Last night we had family over for Christmas Eve dinner, for appetizers we had shrimp cocktail, asiago cheese spread with french bread and spinach dip with pumpernickel bread. For dinner, I madePrime Rib, mashed potatoes, green beans, rolls and the trifle pictured above. All of my camera gear is packed up to make some space in the dining room so these photographs were taken in front of the window with the crappy winter sunlight we get here in Ohio.
I have been making this trifle for years, but never blogged it because I usually take it to pot lucks. Whenever I have a work related potluck it basically means that I am running around like a crazy woman at 5:45 am trying to whip this sucker together. Obviously my lack of preparation leads to no pictures. I may be slightly obsessive compulsive, and very anal, but I am a HUGE procrastinator…I always tell people I work better under pressure. This year, I decided to make mini trifles inthese inexpensive stemless red wine glasses I bought at the Libbey Glass Outlet. I think they turned out super cute, although the amount of trifle in the glass is more than the average human being can handle in one sitting.
This trifle is comprised of some seriously easy components that some of you may shun from your kitchen, but crowds seem to love this no matter how easy and preservative laden it is.

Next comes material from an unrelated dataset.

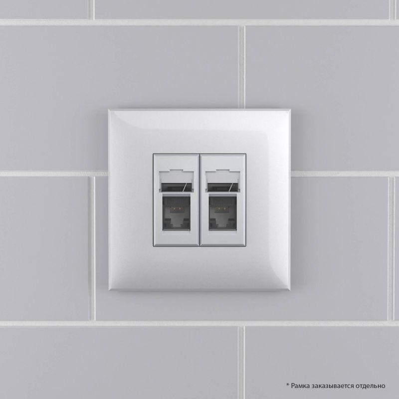 -Розетка компьютерная 2-м 2мод. RJ-45 СП кат.6 Avanti "Закаленная сталь" DKC 4404294

1 (19.8 ounce) package brownie mix (I used Pillsbury Family Sized Chocolate Fudge)
1 (3.9 ounce) package instant chocolate pudding mix
1/2 cup water
1 (14 ounce) can sweetened condensed milk
1 (8 ounce) container frozen whipped topping, thawed
1 (12 ounce) container frozen whipped topping, thawed
1 bag Heath Bar Bits (I used about half the bag)
Prepare brownie mix according to package directions and cool completely. Cut into 1 inch squares.
In a large bowl, combine pudding mix, water and sweetened condensed milk. Mix until smooth, then fold in 8 ounces whipped topping until no streaks remain.
In a trifle bowl or glass serving dish, place half of the brownies, half of the pudding mixture, toffee bits and half of the 12 ounce container of whipped topping. Repeat layers. Sprinkle toffee bits onto top layer for garnish. Refrigerate 8 hours before serving.